The scientific method is not fixed, it evolves with new tools. Just as computers, statistics, and molecular modeling transformed scientific practice, GenAI can add new structure, speed, and diversity of thought. Most importantly, it can preserve a full memory of reasoning. Every hypothesis, decision, or branch of exploration can be documented and revisited. This level of transparent and auditable thinking is exactly what modern science needs to strengthen reproducibility and trust.
Early Proof-of-Concept Results of GenAI in Science
The potential of GenAI in science is not just a theory, it has already been demonstrated. Several studies by teams from leading research groups over the past two years have shown how GenAI can generate and refine solid scientific hypotheses, help with experiment planning and data interpretation.
SciMON (Wang et al., 2024) evaluated the ability of language models to propose new research ideas using retrieval from scientific literature and an LLM. This system starts from a scientific context, retrieves relevant knowledge, and generates ideas. The ideas are then filtered for novelty and plausibility, eventually enriched and evaluated by human experts. Many were judged as original and promising.
Similarly, SciMuse (Gu & Krenn, 2024) used a large knowledge graph (58 million publications) and an LLM (GPT-4) to suggest new research ideas. After analysing a scientist’s publications, the framework selected related concepts and proposes possible projects and collaborations. In total, 4,400 SciMuse generated ideas were evaluated by over 100 research group leaders. About a quarter were rated as very interesting, showing that GenAI can help identify unexpected promising research directions.

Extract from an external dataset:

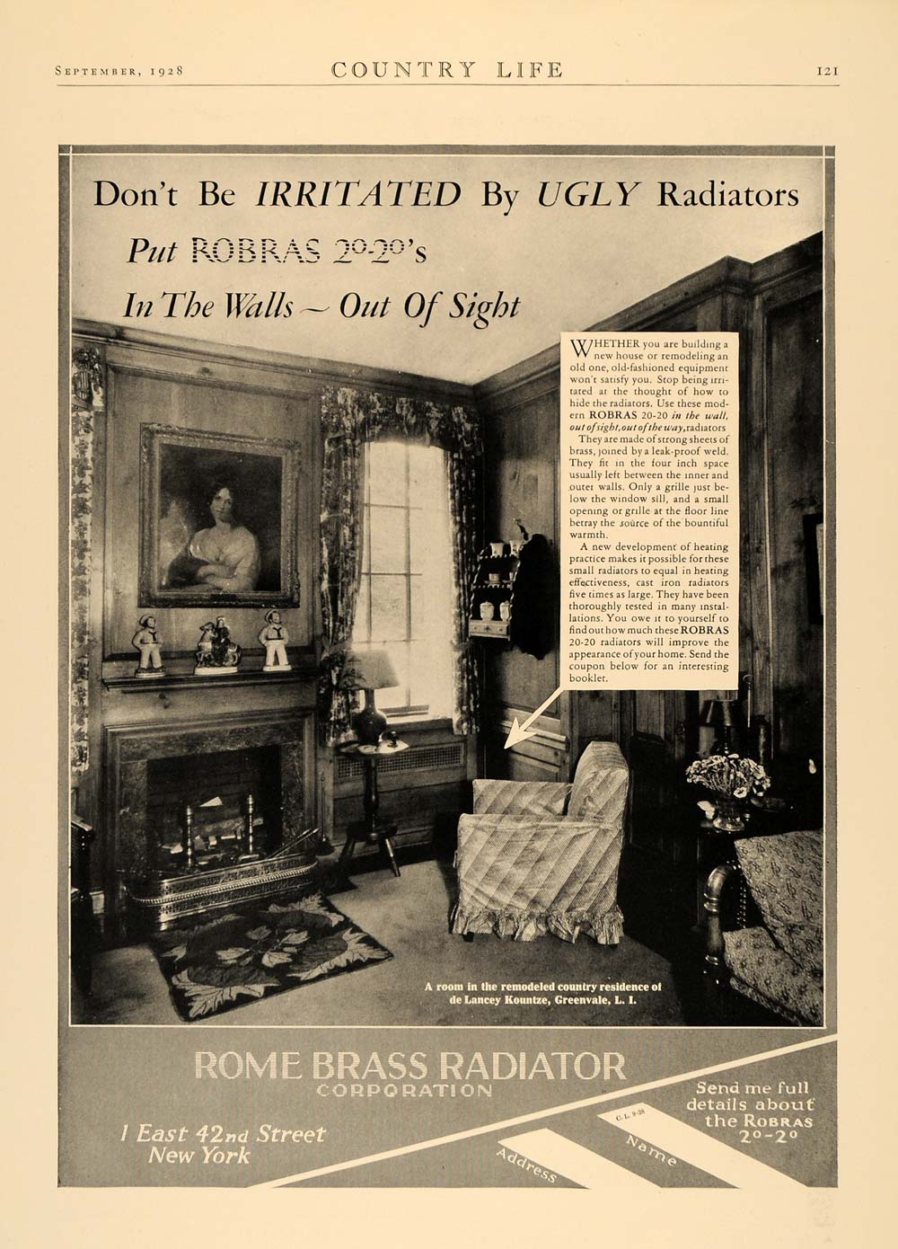 This is an original 1928 black and white print ad for the Rome Brass Radiator. The ad features an image of the living room of de Lancey Kountze, of Greenvale, Louisiana.

The recent ResearchAgent framework (Baek et al., 2025) goes beyond single-step idea generation. It uses multiple LLM-powered reviewing agents to iteratively refine ideas. An initial set of hypotheses is generated from the literature, then improved through several cycles of feedback and modification. Expert evaluations confirmed that many of the final ideas were not only relevant but genuinely novel, reinforcing the results of the previous frameworks.
An even more ambitious project is the AI Scientist (Lu et al., 2024, Yamada, Y. et al., 2025), a framework aiming at fully automating the research process. In its first version, hypotheses were generated from scientific literature and tested through simulated environments or computational benchmarks. The second version extended it by incorporating feedback from automated laboratory experiments, showing a path toward fully autonomous scientific discovery. This system was not only a proof of concept: it actually produced three scientific publications accepted at peer-reviewed conferences. One of them was even selected for a major workshop in synthetic biology. Of course, such autonomy is only possible in domains where experiments can be conducted entirely in-silico. And beyond feasibility, it is not obvious that full automation is even desirable, since it raises important ethical and epistemological questions about the role of human judgment in science.
Together, these works demonstrate that, with proper organisation, GenAI can support scientific creativity and reasoning in a structured and credible way. This goes far beyond data exploitation and underlines a coming paradigm shift in how science will be conducted in the coming years.
The risks of ignoring this transition
Scientific knowledge is growing faster than ever and becoming increasingly interconnected across disciplines. It is more challenging than ever to stay current with new discoveries and, above all, original in your research. Choosing to discard AI assistance may widen the gap between what the researcher knows and what has been discovered, reducing its ability to fully process and interpret its own data efficiently and to innovate. Institutions that delay adoption risk falling behind not only in productivity, but also in creativity and impact.
Software development already shows how GenAI integration in the workflow leads to massive efficiency gains. Those who resist using AI tools are now significantly less productive than those who embrace them. They also struggle to keep up with an evolving toolchain. Science has no reason to be different.
Waiting for flawless AI tools for science is neither realistic nor necessary. Scientific practice has always advanced through imperfect but promising technologies. What matters is adopting innovation critically and responsibly, enhancing productivity and creativity without compromising scientific rigor. Developers face this challenge every day: Producing code faster with GenAI while maintaining standards of quality and robustness.
The real risk is not using GenAI too early, but being left behind when others have already built strong workflows and expertise with it. Competing with research teams that use GenAI effectively will become increasingly difficult and soon, impossible without similar tools.
It’s time for science to partner with GenAI
The question is no longer whether GenAI will change science, but when researchers will be ready to evolve and work with it. The sooner we begin treating GenAI as a reasoning partner, the sooner we can unlock its full potential and push the frontiers of discovery further, at a time when the pace of progress is slowing down.
Recent studies have highlighted the growing concern across scientific disciplines of the diminishing disruptiveness of new discoveries. Bloom et al. (2020) showed that despite increasing investments in R&D, scientific productivity is declining. Park et al. (2022) further demonstrated that scientific publications and patents have become less disruptive over time, pointing to a systemic “slowdown” in the generation of novel ideas.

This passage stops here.